Machine learning in trading: theory, models, practice and algo-trading - page 28

 
mytarmailS:
I already did this, the neural network does not learn on a larger horizon with the target that I set it

I smile at your words.

It is not a neural network that does not learn, but you make it not learn, literally. A neural network will learn where there is a signal in addition to noise, and your task is to separate this signal from noise with the help of the Great Neural Network, not allowing it to learn.

 
Alexey Burnakov:
This is a more correct answer.) It is necessary to try different methods.

I once suggested this approach.

We take an Expert Advisor, it can be from kodobase. The main thing is that it should be full-blooded and it does not matter if it is losing. You can set the preliminary requirements. For example: trending, three windows, without SL and TP, MM, error recovery of states...

We should look at the reason of the loss and try to solve it with R. Solve problems in the low windows by extrapolating, in the high window we predict the next bar by classification.

 
Alexey Burnakov:

My article about feature selection.

https://habrahabr.ru/company/aligntechnology/blog/303750/

It was interesting to read, thanks for the hard work. I didn't understand about experiment 6 - why were predictors Y and Z selected in the end? Z is the target variable, it shouldn't have been in the list of predictors.

I like the idea of taking a 3D rabbit graph and training the model on it. To be honest, at first I thought that "rabbit" is some set of pseudo-random data, which looks nice on the graph and only makes sense to a person with his ability to see the rabbit in an array of numbers. But there is no function that describes the rabbit, for any model it will just be a set of points that form clusters of a special form in 3-d space. From my point of view all three coordinates of each point have no relationship and dependence between them, I expected that no algorithm can cope. At the end of the article I was surprised.

I tried the same experiment with PCA, and the results are the following:
I need one component for 95% accuracy, it uses X and Y. But prediction algorithm doesn't work with one component, I need at least two. Basically they both use X and Y (it's not shown in the code, but you can see it in the graph), so it's ok.
Train the model on sampleA, then predict Z for sampleA : R^2 = 0.04759303
Train the model on sampleA, then predict Z for sampleB: R^2 = 0.05325888

I drew a 3d plot of the predicted Z's for sampleB, it came out poorly. The model didn't really find any dependencies, it just averaged all the Z's into one plane. The rabbit came out flat. Have you tried training some models, and drawing a predicted rabbit? I wonder how it works out for different models.

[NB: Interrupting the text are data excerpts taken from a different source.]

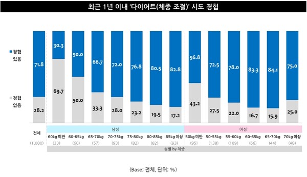 실제로 최근 1년 이내 다이어트를 시도한 적 있다는 응답은 71.8%로 높게 나타났으며, 자신의 체중을 높게 평가한 응답자를 중심으로 다이어트 경험이 많은 특징을 보였다. 다이어트를 시도하게 된 이유로는 건강관리를 위해 필요하고(69.4%, 중복응답), 요즘에 살이 지나치게 찐 것 같다(51.1%)는 점을 주로 꼽아, 다이어트가 건강한 삶을 유지하기 위한 필수 과제로 자리 잡고 있음을 살펴볼 수 있었다.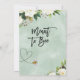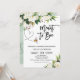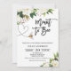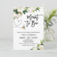 Sweet bee themed bridal shower invitation featuring a bee and heart shaped flight path line, two white and green foliage floral arrangements, and modern calligraphy text heading image. This bee bridal shower invitation has a hint of a boho feel.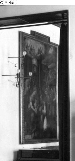 Lateinische Widmung: „Tres reges regum regit tria dona dicarunt / Etodidem trino didigo dona deo / Jo. Alousius, Alexius, 1600“, Stifterwappen.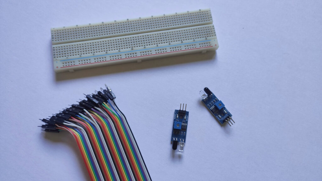 💡 Astuce : les capteurs infrarouges sont très sensibles à la lumière ambiante. Testez votre installation dans l’environnement réel d’utilisation. Il est possible d’ajuster le seuil de détection des capteurs à l’aide du potentiomètre sur celui-ci.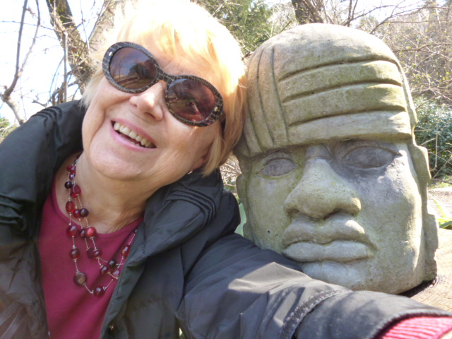Scopro panchine e seggioline ed allora mi siedo felice sotto il sole tiepido e ammiro stormi di uccelli che volano su di me, scopro una parte di piante esotiche con una statua di un Olmeco…mi fotografo con lui , poi mi risiedo. Sono felice, sono me stessa.  Insomma ho trovato per un po’ un centro di gravità permanente. Uno spazio che faccio tutto mio e un tempo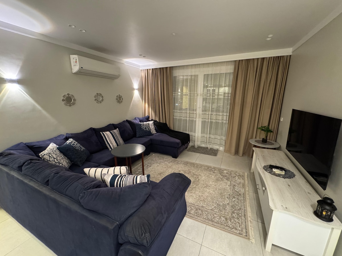 Это стильное жилье идеально подходит для групповых поездок. - Ultra Super Lux Fully Furnished apartment '' 'Area 130 m' ' *** Обратите внимание, что мы принимаем только семьи. - 8-й этаж, есть лифт. Готово к переезду Первоклассное расположение - Во всех комнатах есть кондиционер. — Потрясающий вид на море. — 2 спальни + большая гостиная + встроенная кухонная техника + ванная комната + балкон с видом на море + стиральная машина + холодильник + духовка + телевизор + микроволновая печь + плита + горячая вода. - Новая отделка, новая мебель и вся бытовая техника. - бесплатный WI-FI; - охрана;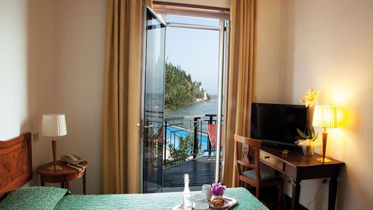 Das Hotel serviert ein leckeres Frühstücksbuffet auf dem Gemeinschaftsbalkon mit Seeblick. Starten Sie Ihren Tag mit einer Auswahl an köstlichen Speisen und genießen Sie dabei die wunderschöne Aussicht auf den Gardasee.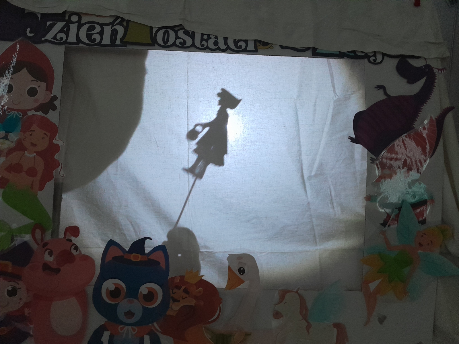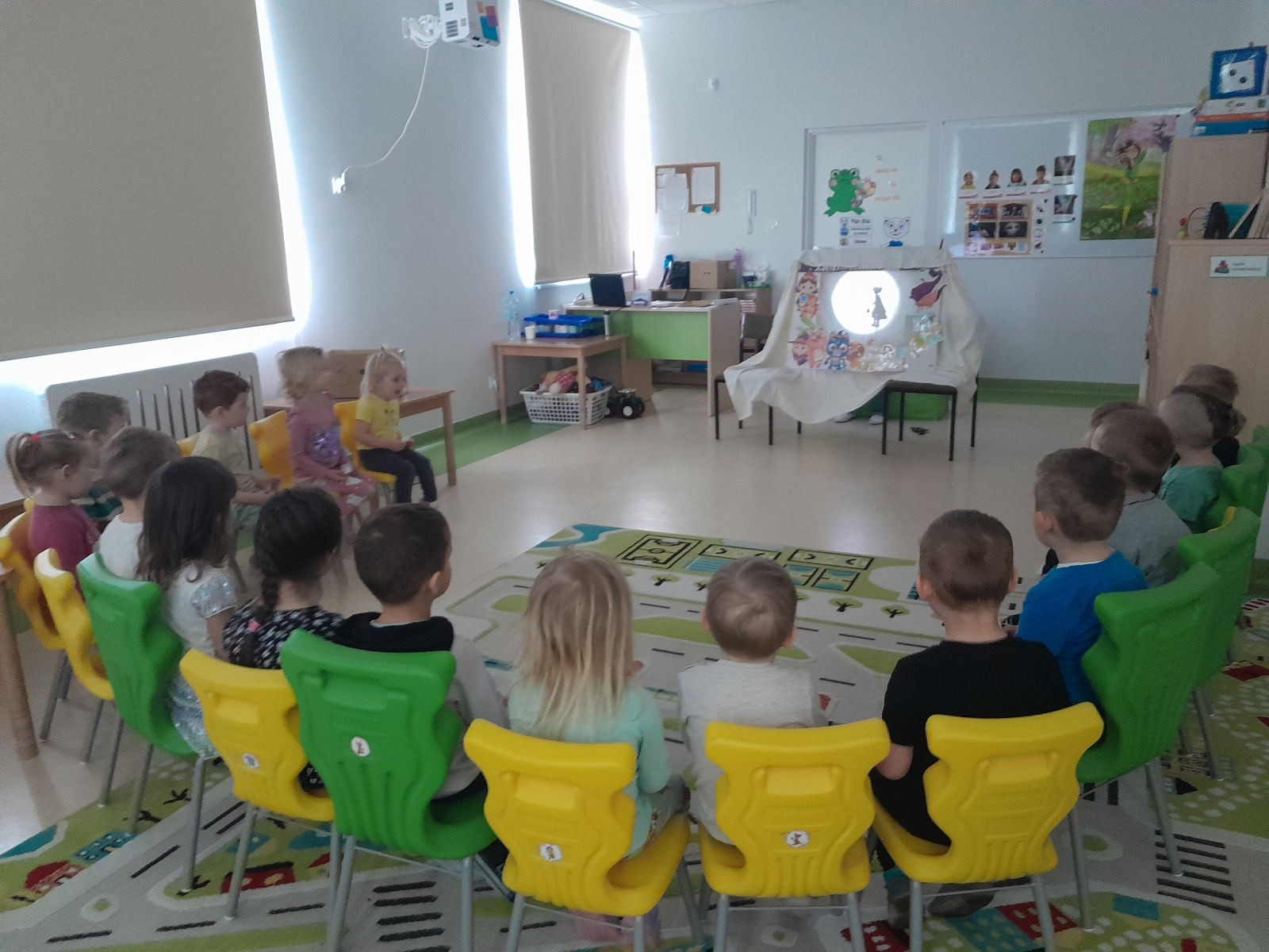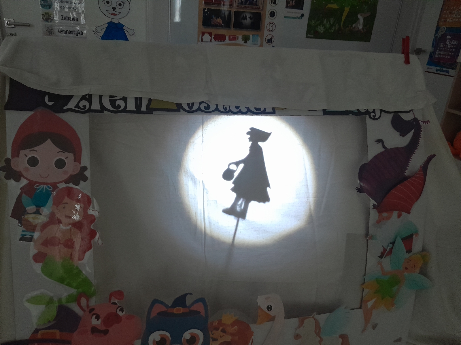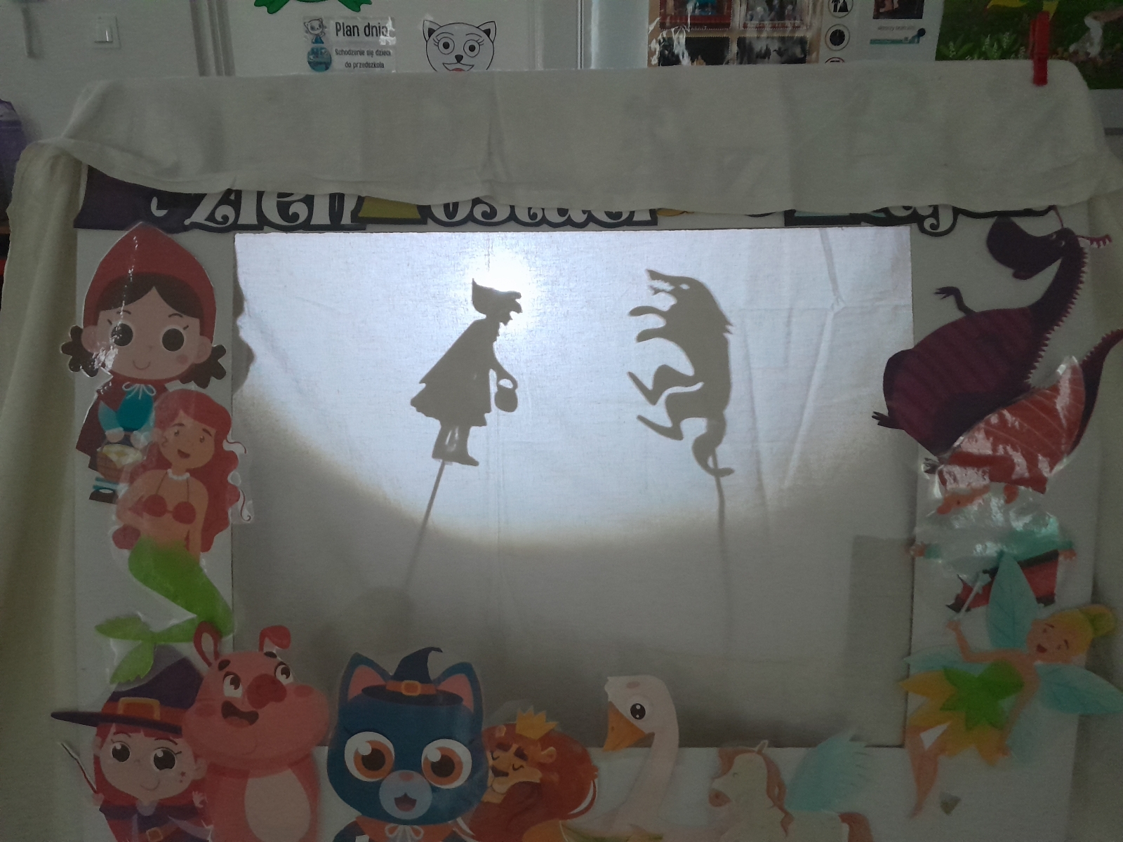Z okazji Międzynarodowego Dnia Teatru, najmłodsze przedszkolaki obejrzały „Czerwonego Kapturka” w teatrzyku cieni. Maluszki kupiły samodzielnie bilet metodą jeden do jednego, zajęły miejsce na widowni i z zaciekawieniem śledziły przygody bohaterów baśni. Spektakl przypomniał im o tym, że nie należy ufać nieznajomym. Na zakończenie, dzieci mogły wcielić się w role aktorów.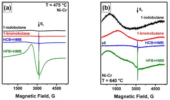 The results of the FMR comparative study on catalytic corrosion of nichrome interacting with various halogens (iodine, bromine, chlorine, and fluorine) under RAPET conditions are presented in Figure 4. The substrates were 1-iodobutane, 1-bromobutane, hexachlorobenzene (HCB), and hexafluorobenzene (HFB). In the last two cases, hexamethylbenzene (HMB) was loaded into the ampule as a hydrogen source for the reaction (2). As seen from the FMR spectra (Figure 4a), in the case of fluorine-containing medium, the formation of quite uniform ferromagnetic particles occurs already at 475 °C. The spectrum is characterized by the narrowest FMR signal (Hp-p = 550 G, g = 2.3), which indicates the formation of relatively small metal particles. An additional heating of the ampule at 640 °C results in changing the shape of the spectrum (Figure 4b). A significant enlargement of ferromagnetic particles can supposedly explain this. The appearance of an intensive narrow EPR signal in a g~ge region typical for paramagnetic sites of coke should also be noted.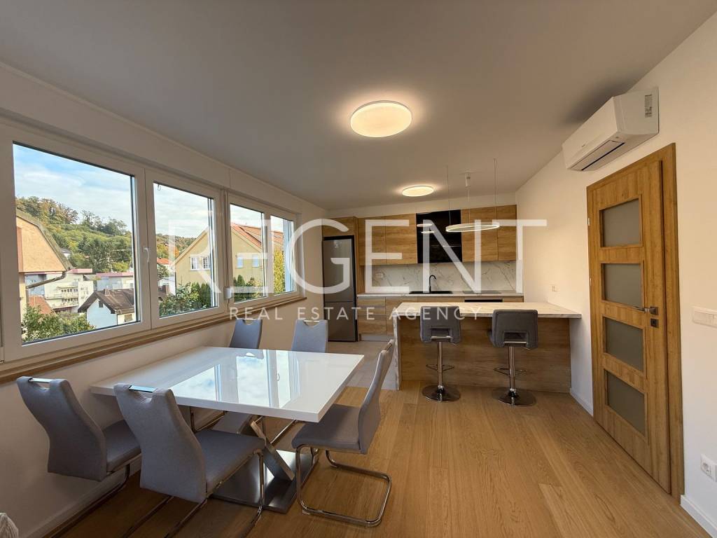 The apartment is located on the ground floor of a modern building in Gračani, in a peaceful and green environment ideal for families or couples seeking a long-term and well-equipped home. The apartment has a closed area of 63.60 m², an uncovered terrace of 8.8 m², and a garden of 20 m². The total actual area is 124.9 m², and the net usable area (NUA) is 79.86 m². It consists of a living room with a kitchen, two bedrooms, two bathrooms, and a hallway. The apartment is fully furnished, and before moving in, the living room and bedrooms will be additionally equipped according to the needs of the tenant. It is equipped with underfloor heating and hot water on a heat pump, as well as Daikin air conditioners. Thanks to modern technologies, the apartment has high energy efficiency (nZEB certificate) and low utility costs. The rental price includes a garage parking space of 20 m² with a connection for charging an electric vehicle and one outdoor parking space of 12.5 m². The monthly rent is 1,250 euros + utilities. Upon signing the contract, a security deposit equal to two months' rent and a blank promissory note for the amount of 4,000 euros are paid. For additional information, feel free to contact us.

Attached the code for the rabbit and the y-aware pca. There is a small bug, the predictor loadings graph sorts the components for some reason. Ie they are 1,10,11,12,2,3,4,5,... But in order of importance we should look in this order: PC1, PC2, PC3,...

Files:
bunny_pca.txt  5 kb
 
mytarmailS:
I've done this before, the neural network doesn't learn on a larger horizon with the target I set it

I have not yet tried to train the neuron beyond one bar, but I assume that the principle will be the same. I work with it this way:

1) collect as much raw data as possible from mt5 - ohlc, time, indicators. Since I don't know what is useful and what is not, I take everything and try to weed out the trash. I can't send everything to neuronka, because neuronka retrains on garbage and in that case it makes a mistake in fronttest. It's not easy to sift out garbage, in fact, all 28 pages of this thread are devoted to how to do it, and so far everything is ambiguous. I add to the data a target variable - 0 or 1, depending on the fall / rise in price for the next bar.

2) Actually, garbage collection. There should be a function that analyzes the initial data and gives it a score. The higher the score - the less garbage. We try to feed the evaluation function with various combinations of initial predictors (training table columns) and try to improve the results. As a result a certain set of predictors will be found, which, in theory, will not lead to overtraining.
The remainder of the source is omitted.